ИГИЛ, "Исламское государство" – террористическая организация, запрещённая в России.
ИГИЛ, оно же ДАИШ
- В последнее время вместо ИГИЛ употребляют аббревиатуру ДАИШ. Это что?
– Ад-дауля аль-исламийя ли-ль-Ирак ва-ш-Шам (Ad-Dawla al-Islamiya li-l-Iraq wa-sh-Sham). Это то же самое, только на арабском: Исламское государство Ирака и Шама. Шам – это Левант. Это Сирия – в широком смысле. И мне кажется, что называть их так – правильная тенденция. Она есть и на Западе.
- Если значение то же самое, то какая разница?
– Вопрос тут чисто лингвистический. Да, означает то же самое. Но не вызывает ненужных ассоциаций. Мы убиваем двух зайцев. С одной стороны, пропадает совершенно ненужная и вредная ассоциация этого "исламского государства" с исламским государством – как с государством, где государственная религия – ислам, или государством, построенном на основе исламской концепции власти. Как исламская республика Иран, например. Второе – использование понятия "исламское государство" способно вызывать в обществе исламофобию. А у нас и без этого легко вызвать любую фобию.

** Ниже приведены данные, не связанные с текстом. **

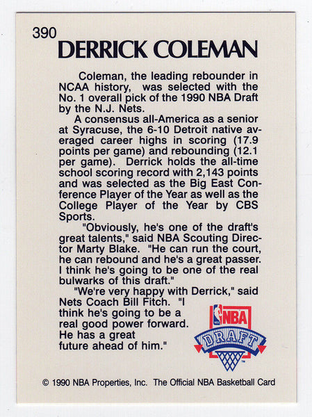 Derrick Coleman signed Nets 1990 Hoops rookie basketball trading card #390. Item comes with a Schwartz Sports Memorabilia tamper-proof numbered hologram and Certificate of Authenticity which can be verified online.
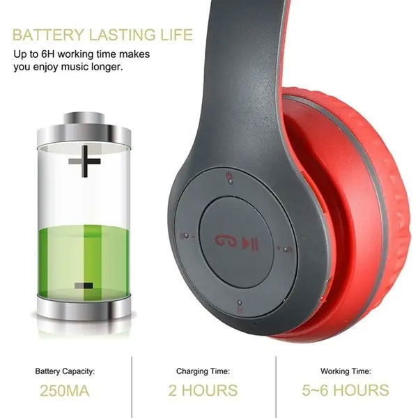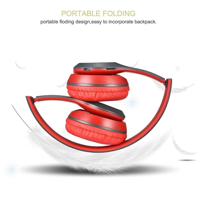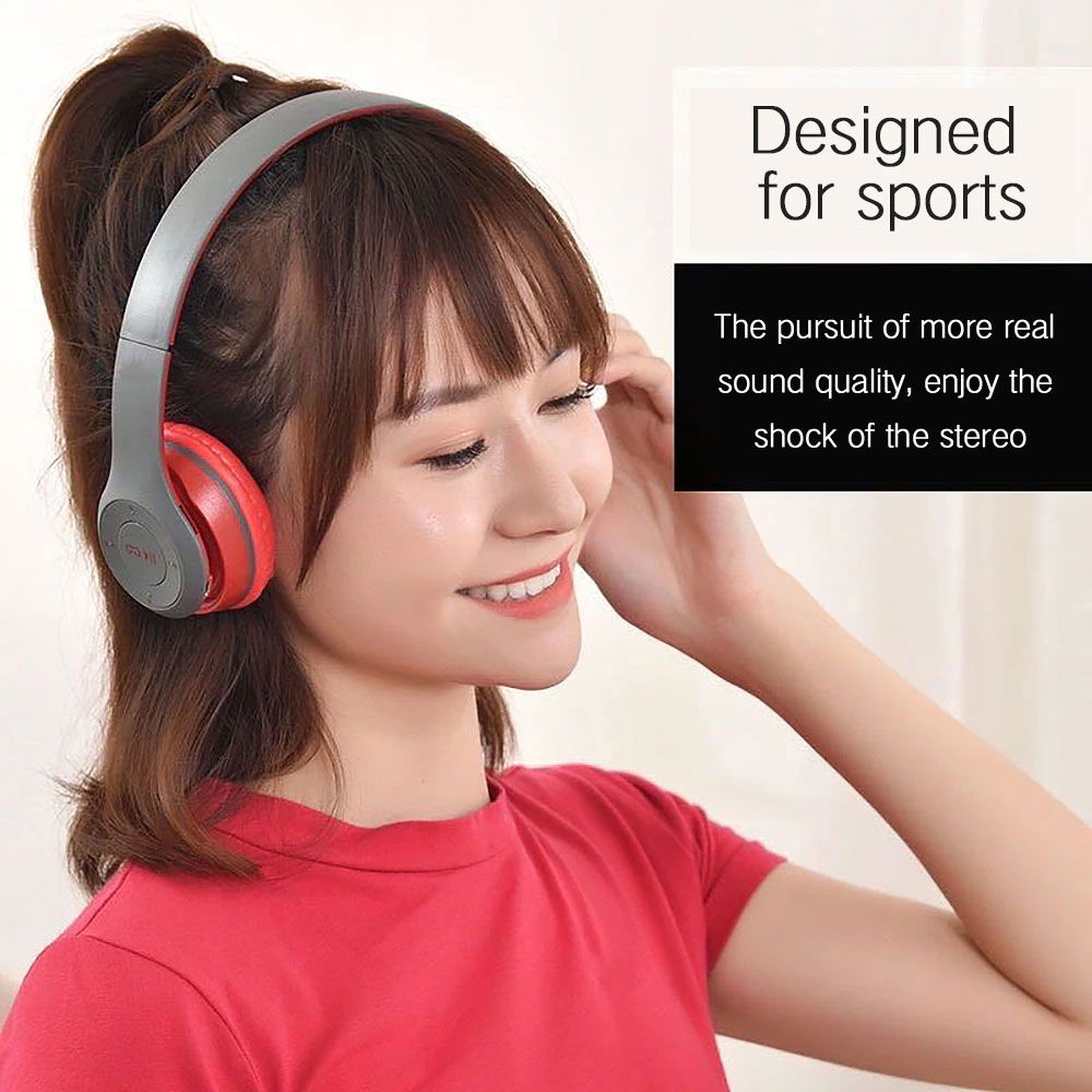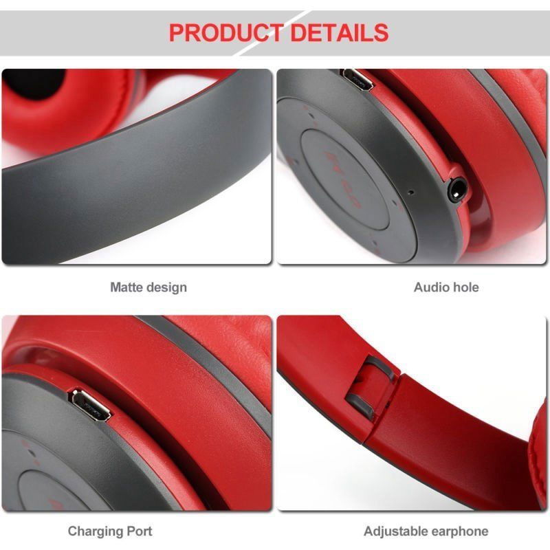 Best Sound Quality Latest P47 with Mic & SD Card Support 6 Hour Battery Backup Bluetooth Headset (On The Ear) (Red)

- Почему в самом ДАИШ за употребление такой аббревиатуры жестоко наказывают?
– Так они же теперь халифат! А ДАИШ предполагает территориальную ограниченность. То есть, говоря так, вы отрицаете глобальность их проекта, их глобальный замысел, религиозный, "мессианский" характер их государственности. Их идеологию, которая вся построена на отрицании территориального, национального государства. Кстати, поначалу ДАИШ называлось по-арабски "Исламское государство в Ираке и Шаме", тем самым подчеркивалось, что эта территория – только начало. Кроме того, в арабском языке уже появился глагол, производный от ДАИШ, – дааша: "варварски разрушать".
- У нас ИГИЛ признано террористической группировкой, а востоковеды говорят, что это всё-таки государство – с институтами и прочими атрибутами. Что это такое?
– Это два в одном. С одной стороны – джихадистская, экстремистская организация. С другой стороны, она приобрела черты государственности. Если по ряду причин слово "государство" вам не нравится, можно сказать, что это потестарная система (догосударственная система, основанная на власти). Она территориально ограничена, там есть органы управления, есть институты социального обеспечения населения, институты поддержания правопорядка – как они его понимают. То есть определённые признаки государства там есть.
- Откуда это известно? Откуда вообще у нас информация о них, это же очень закрытое образование?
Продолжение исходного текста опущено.